• _Assigned task_
Every line in the data below from the one containing "Manuscript Copy of" down to the one containing "New York State Fair 2008", both included, must be retyped exactly; no other line is to appear.

• _Records supplied_
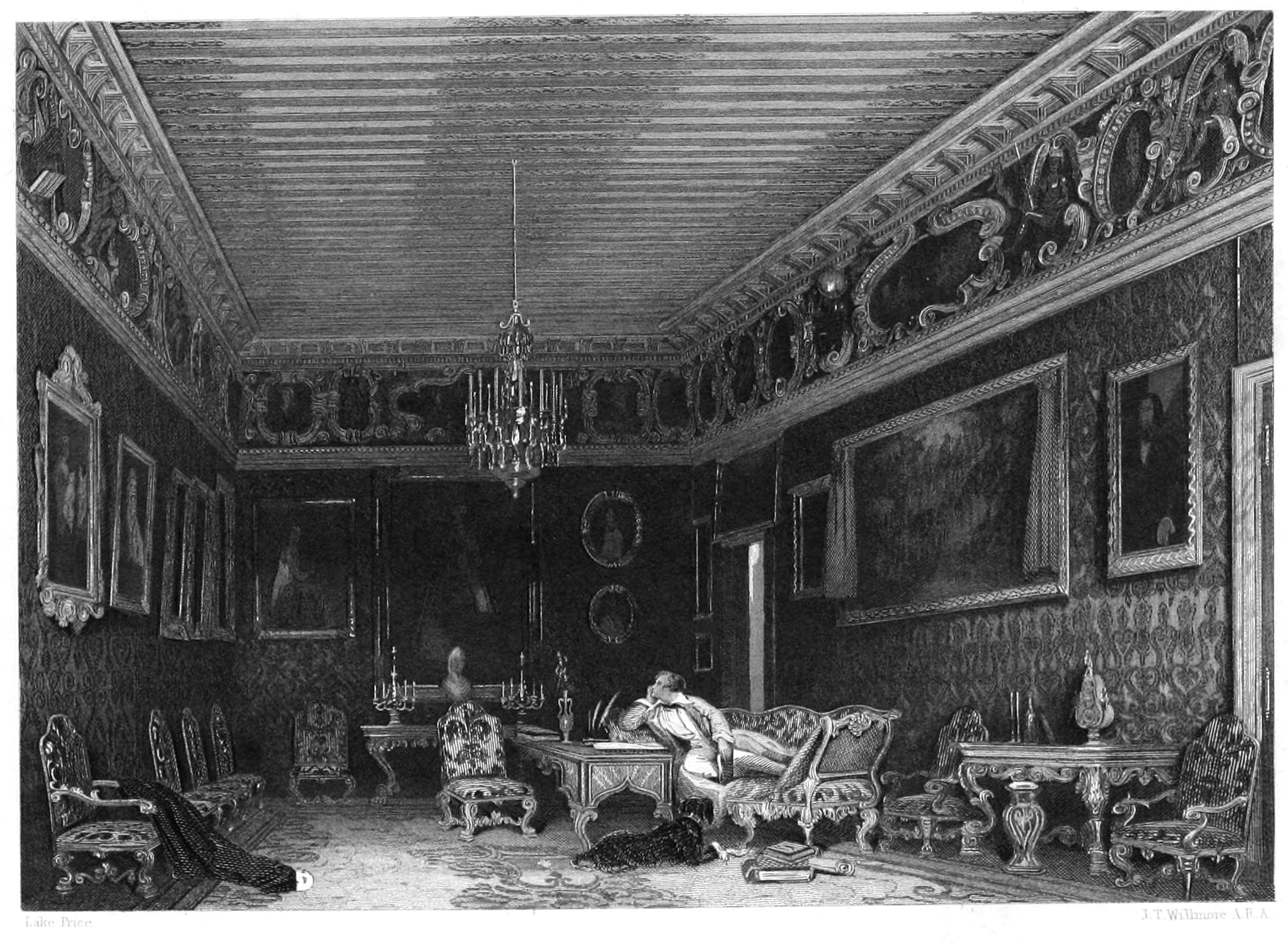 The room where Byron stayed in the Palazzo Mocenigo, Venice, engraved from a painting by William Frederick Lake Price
---
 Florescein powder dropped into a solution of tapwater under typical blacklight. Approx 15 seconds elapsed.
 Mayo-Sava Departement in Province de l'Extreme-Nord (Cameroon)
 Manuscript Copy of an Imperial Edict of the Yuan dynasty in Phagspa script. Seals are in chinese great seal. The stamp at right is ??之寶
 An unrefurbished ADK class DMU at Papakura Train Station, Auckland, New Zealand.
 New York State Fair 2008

• _Exercise output_
 Manuscript Copy of an Imperial Edict of the Yuan dynasty in Phagspa script. Seals are in chinese great seal. The stamp at right is ??之寶
 An unrefurbished ADK class DMU at Papakura Train Station, Auckland, New Zealand.
 New York State Fair 2008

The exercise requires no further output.